According to the present invention, the vertical double suction pump is constructed by providing the outer peripheral portion of the stator of the motor with the flow passage and the impellers at the lower shaft end and the upper shaft end of the motor, respectively.
Installation space can be reduced compared to the horizontal type. Further, since a downward force acts on the rotating body by its own weight, even if the thrust direction caused by the pressure balance is unstable,
Since the force due to its own weight is generally larger, the rotating body is not mechanically unstable.
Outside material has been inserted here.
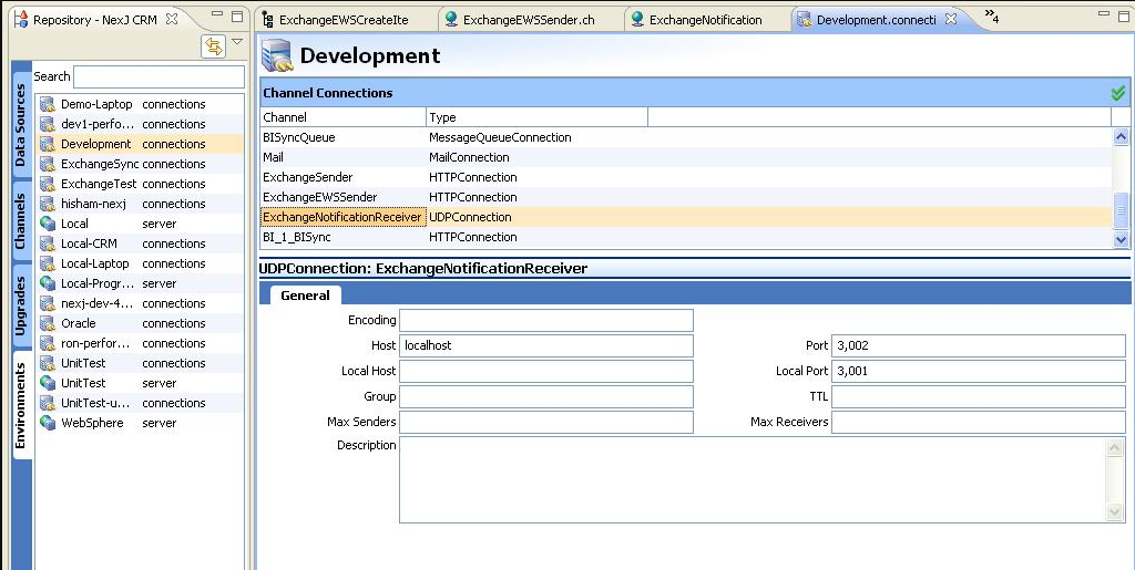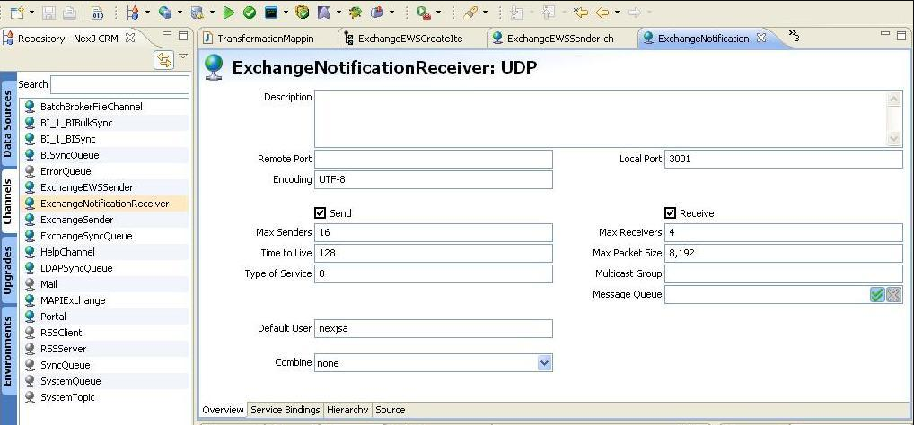 Every external system with which we synchronize is modeled as a synchronization target. A synchronization target specifies the service to which to send outbound messages, and a bunch of configuration parameters. In the Exchange synchronization code, we have a subclass of SysSyncTarget on which we put additional information, such as the channels on which to send and receive Exchange messages.

Further, since the motor is composed of a canned motor, the rotating body chamber is a cylinder having a vertical axis, so that the convection is good and, for example, the handled liquid whose temperature has risen due to the heat radiation of the motor is rotated. It does not stay in a part of the body chamber. That is, the liquid whose temperature has risen and whose specific gravity has decreased is moved to the upper rotor chamber, and further mixed with the main flow of the pump to be heat-exchanged.

Regarding air venting, all the air accumulated in the main body at the time of priming can be removed by an air vent valve (plug) provided at the top of the device. For horizontal type,
At least one air vent valve is required for each of the pump portions provided at both shaft ends, and the vertical type is advantageous in this respect.

Further, in the case of drainage, since the drainage plug provided at the bottom of the apparatus can almost completely drain water, there is no problem such as freeze cracking. Further, with respect to the radial bearing, the load due to its own weight of the rotating body is not applied, and in particular, when the radial load of the hydro portion is balanced as in the embodiment, the radial bearing does not cause uneven wear substantially.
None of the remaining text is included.